Attempting to read from a source file to store person objects into a container.
A person object is initialized with a random age, id and a categories vector of five assorted chars.
class person
{
protected :
int age; // 0 - 99
int id; // 20181104 eight numeric characters
std::vector<char> categories = {'A', 'B', 'C', 'D', 'E'}
person()
{
...
std::shuffle(categories.begin(), categories.end(),
random_generator::instance().gen);
}
};
Used to shuffle the person class member categories with std::shuffle
class random_generator
{
public :
static random_generator& instance()
{
static random_generator instance;
return instance;
}
random_generator(random_generator const&) = delete;
random_generator& operator=(random_generator const&) = delete;
private :
random_generator(){}
std::random_device rd;
std::mt19937 gen{rd()};
...
friend class person;
};
std::ostream& operator<<(std::ostream& output, const person& p)
{
output << p.id << ' ' << p.age;
for(char c : p.categories)
output << c << ' ';
return output;
}
std::istream& operator>>(std::istream& input, person& p)
{
input >> p.id >> p.age;
// how can I implement this; suggested alternatives are most welcome
return input;
}
19850319 33 A C E B D
06111990 28 B E C A D
I guess I don't see where the difficulty would be.

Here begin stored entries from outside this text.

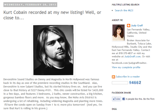 Tacky San Fernando Valley real-estate broker sells condo based on highly tenuous Kurt Cobain link. Here’s Ms. Graff’s comment under theNorth Hollywood Toluca Lake Patchstory that initially reported her sales pitch: “Um, Judy Graff here. The condo sold in less than a day for over full price. Thanks, Kurt.”
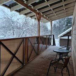 Понравилось абсолютно все! Очень уютный номер с камином, с обеденным столом. Все новенькое, чистое, аккуратное. Также есть кухня (с плитой, с раковиной, с чайником и всей посудой) Если не хочется готовить, хозяйка может накормить превосходным завтраком, обедом и ужином! Все домашнее, качественное. Вкусно и недорого. Очень вкусный чай в термосе. Вид из номера на лес. На участке есть горка, разный сезонный инвентарь, можно надолго занять ребенка. Есть хорошая банька, очень рекомендую!
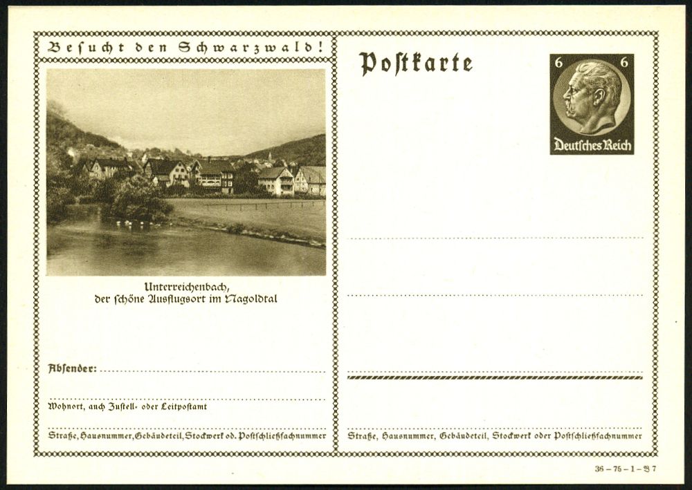 4396 | 10 € | POSTLEITRAUM 7200 (OHNE TUTTLINGEN) : Unterreichenbach 1936 6 Pf. BiP Hindenbg., braun, Sonderform: "Besucht den Schwarzwald!" , ungebr. (Mi.P 236/36-75) | ![]() | |
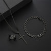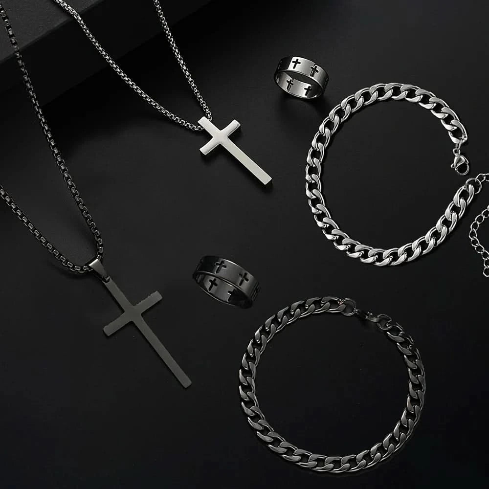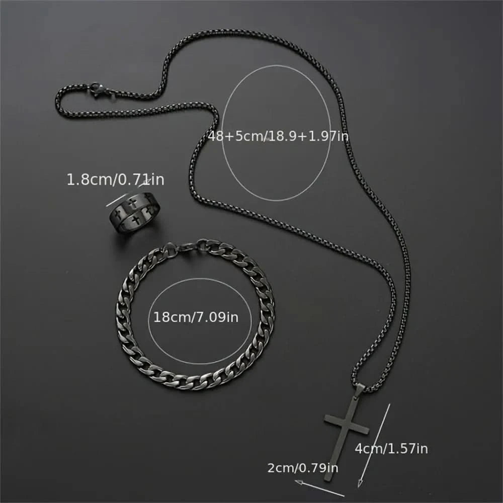 This set is perfect for any man looking to elevate their style. The design is simple and clean, making it a versatile addition to any collection. Made with high-quality stainless steel, this set is durable and long-lasting. The set includes a necklace, bracelet, and ring, all featuring a cross design. The set comes in both silver and black color options, allowing you to choose the one that best suits your style. Upgrade your look with this stylish and modern 3-piece stainless cross set.
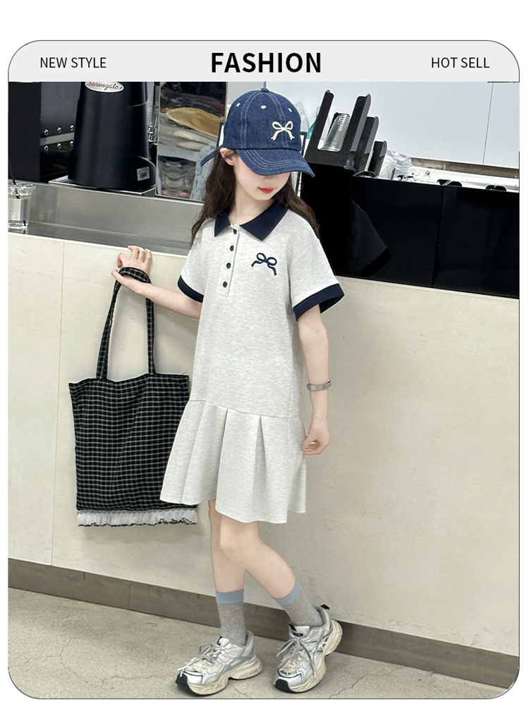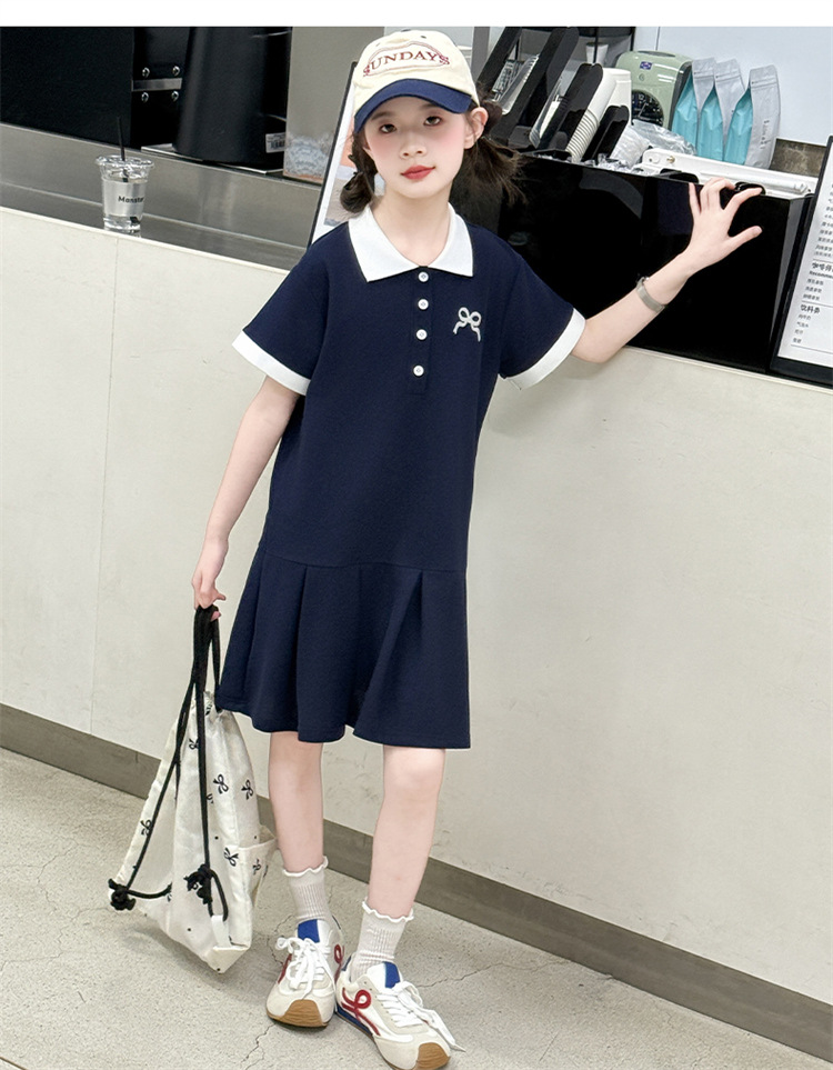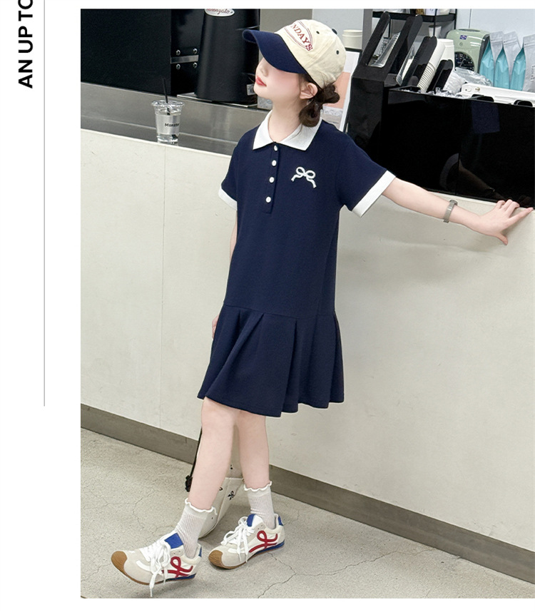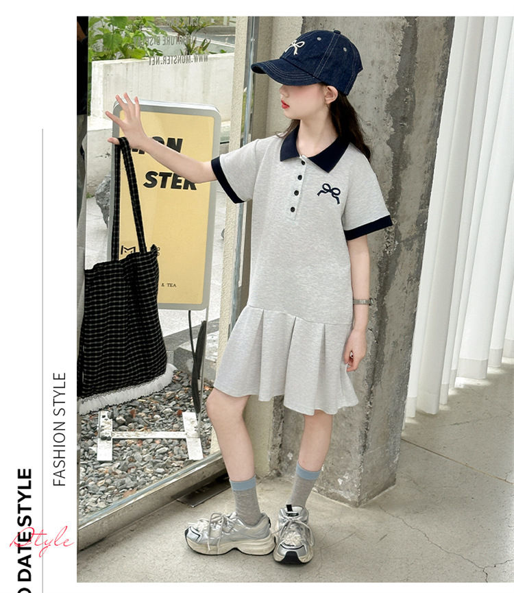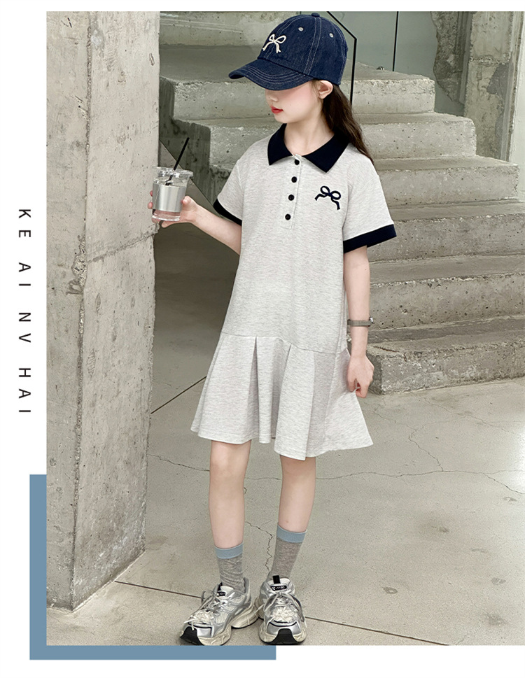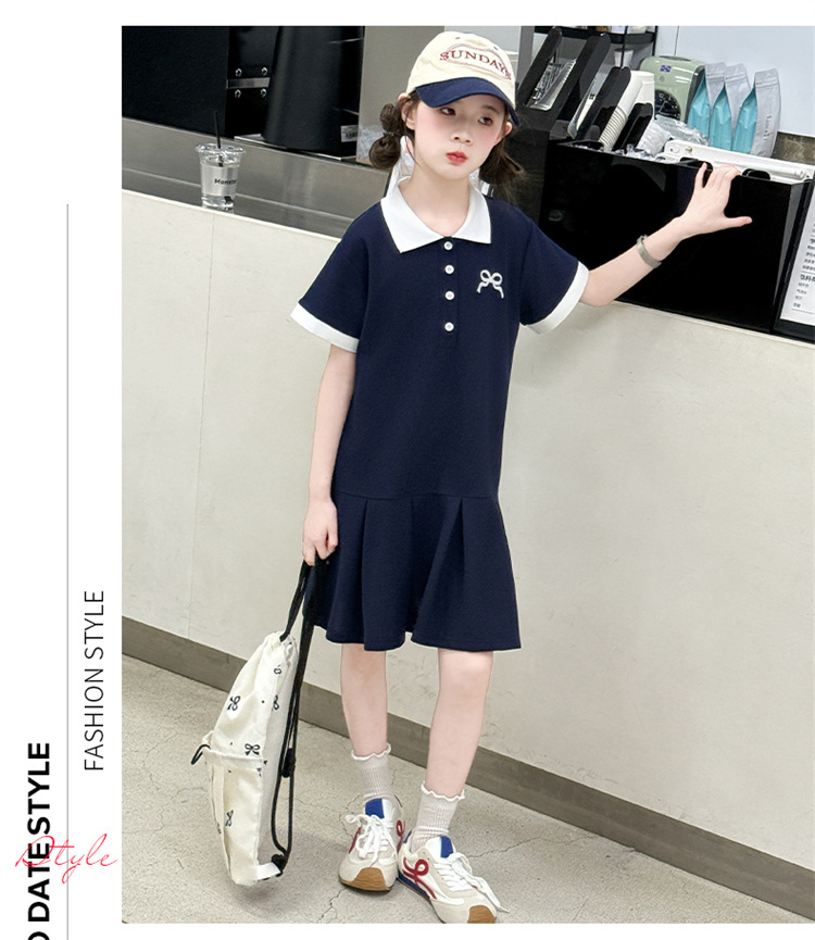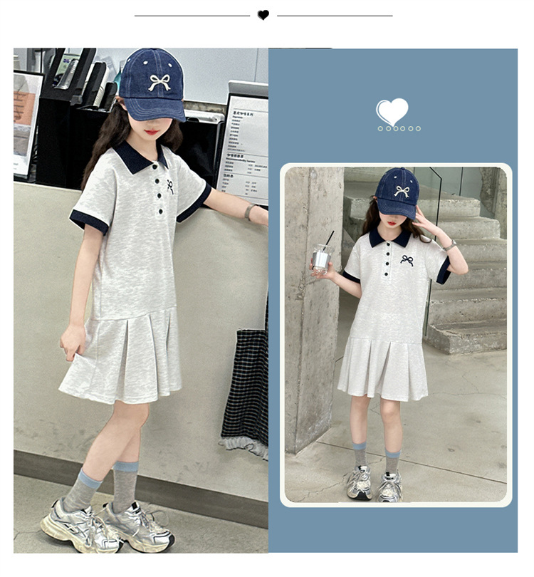女の子ドレス 2025 夏の新スタイル韓国スタイルカジュアルポロスカート子供の夏薄いスカート
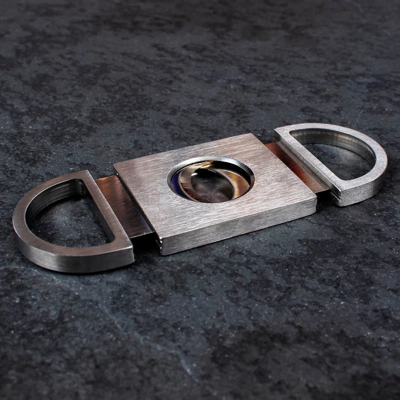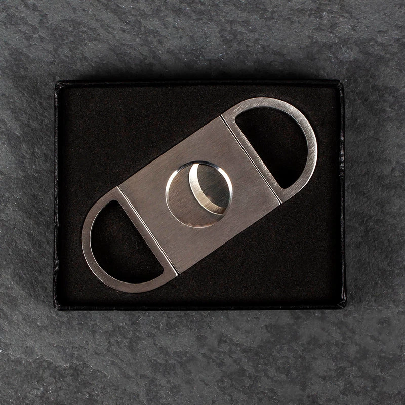 This guillotine style cigar cutter is a must have for any cigar lover. The slim and lightweight design of this cutter makes this piece an easy to use and efficient high quality cigar accessory. It is made of durable stainless steel and is specifically designed to give you a precise cut every time. It measures 3.5″ long and has a width of 1.5″. The diameter of the cutter hole is .75″.ย

Reading them in will be a mirror image of writing them out. If you can count on there always being five of them, then you'd basically just do something like this:
std::istream& operator>>(std::istream& input, person& p)
{
input >> p.id >> p.age;
p.categories.clear();
for (int i=0; i<5; i++) {
char ch;
input >> ch;
p.categories.push_back(ch);
}
return input;
}
If it's basically a matter of reading categories until you reach the end of the line, then it'll probably be easiest to read the line into a string, shove the string into a stringstream, then read characters until you reach the end of the stringstream:
while (input >> ch)
p.categories.push_back(ch);
That's not generally the fastest way to do things (creating a stringstream is somewhat slow), but given that you're dealing with I/O, parsing speed is only rarely much of a consideration.